This hybrid model—AI at scale, governed by human analysts and independent standards—is central to the firms’ approach. It enables faster coverage expansion, improved reliability, and the creation of new proprietary insights across public and private markets.
The Competitive Challenge for European Rating Agencies
For European rating and research agencies, this development highlights several structural challenges.
First, data scale and depth. Morningstar and PitchBook operate vast proprietary datasets spanning public markets, private capital, debt securities, and real-time global market data. European agencies, often more fragmented and regionally focused, struggle to match this breadth—particularly in private markets, where PitchBook has established itself as a global reference.
Second, AI distribution and partnerships. US firms are embedding their data directly into dominant AI platforms where users already work. European competitors rarely enjoy comparable access to global AI ecosystems, limiting their visibility and relevance as AI becomes the primary interface for financial research.
Third, product integration and user experience.
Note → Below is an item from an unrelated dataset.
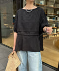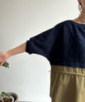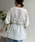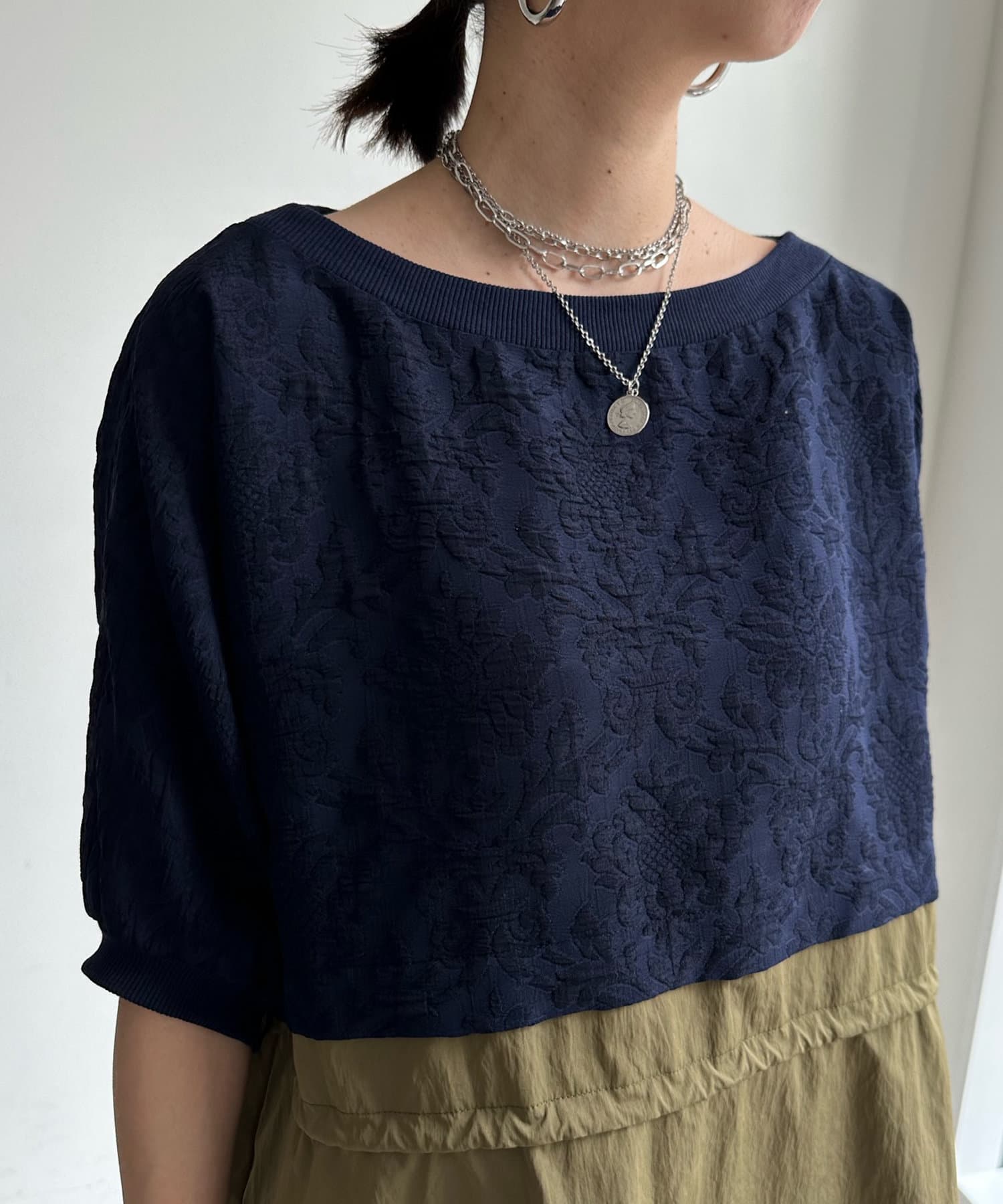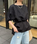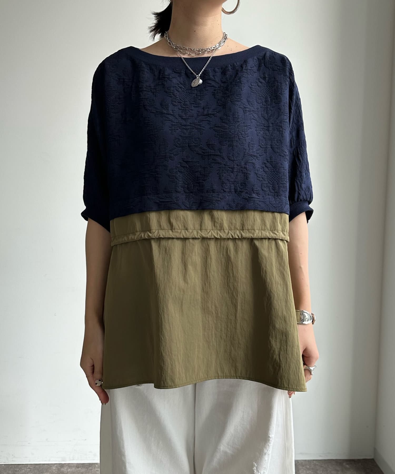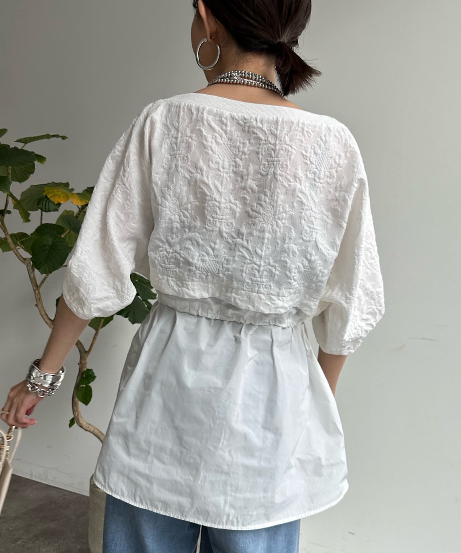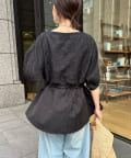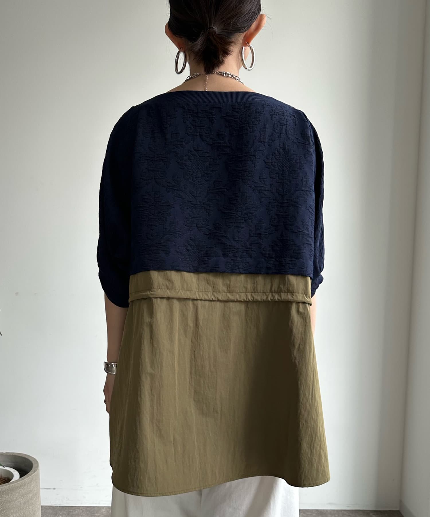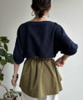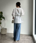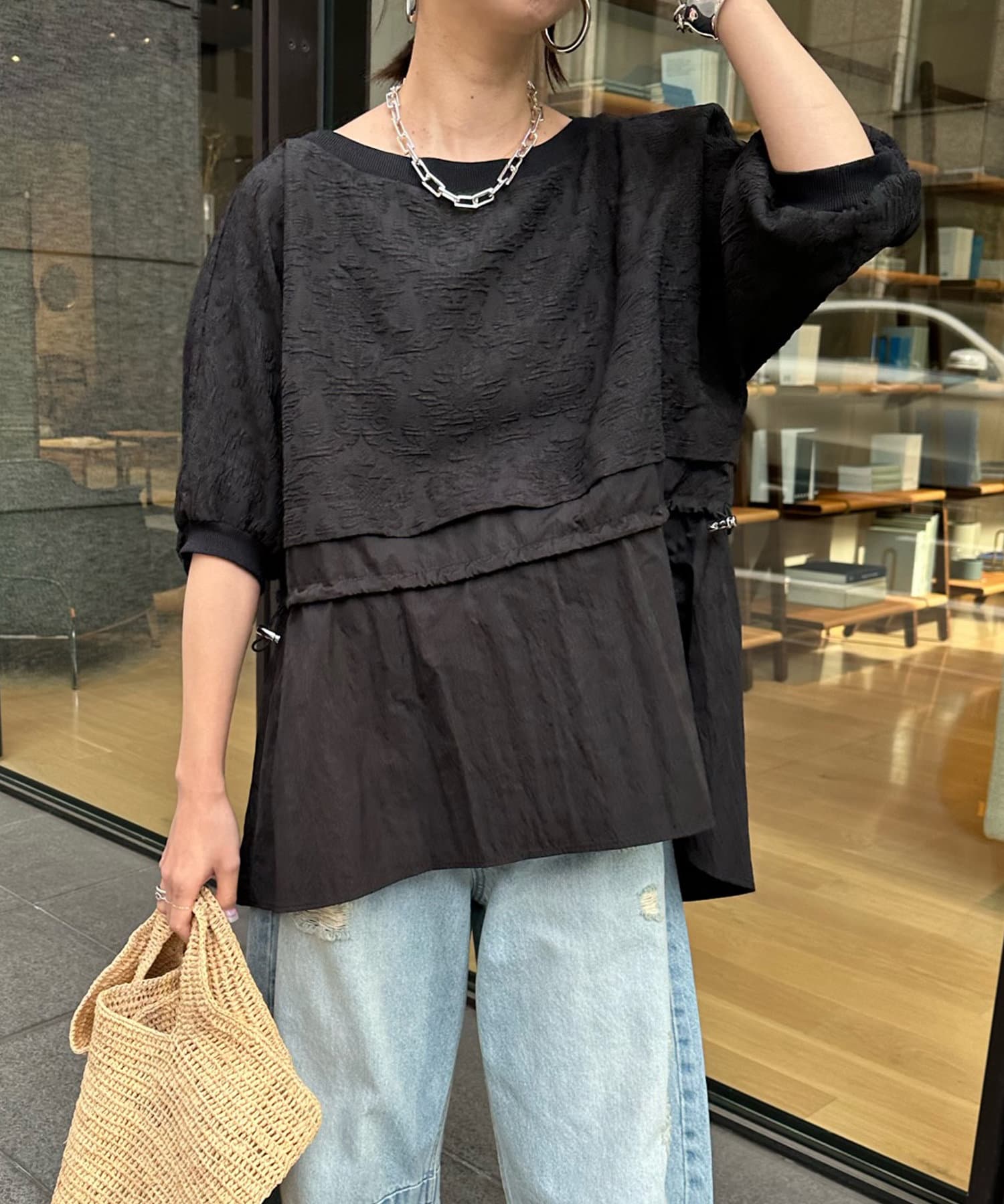 ウエスト下から素材を切り替え、ドロストコードを絞ると広がる裾が女性らしさ抜群。

Morningstar and PitchBook emphasize seamless, end-to-end workflows: “access analyst-backed ratings, research, and investing intelligence … without leaving ChatGPT.” Many European agencies still deliver research in siloed platforms or static formats, making it harder to compete with conversational, real-time intelligence.
Finally, investment capacity and strategic risk tolerance. The scale of AI integration described—enterprise-grade security, human-in-the-loop governance, and continuous product innovation—requires sustained investment and a willingness to experiment. European agencies, often operating under tighter regulatory and budgetary constraints, face higher barriers to executing comparable strategies.
A Widening Transatlantic Gap
The Morningstar–PitchBook integration illustrates how AI is accelerating consolidation around a few global intelligence providers. By positioning themselves as the “investor-first intelligence layer” that enables “agentic workflows, evolving investment strategies, and new benchmarks” (Wheat, Morningstar), these firms are shaping not only products, but market expectations.
For European rating agencies, the challenge is no longer just analytical credibility—it is technological relevance, ecosystem access, and the ability to embed trusted European perspectives into the AI-driven infrastructure that is rapidly becoming the default interface for global finance.
Source
Morningstar, Inc. & PitchBook (2025): Morningstar and PitchBook Bring Trusted Investing Intelligence to Apps in ChatGPT, Business Wire press release, Chicago & Seattle.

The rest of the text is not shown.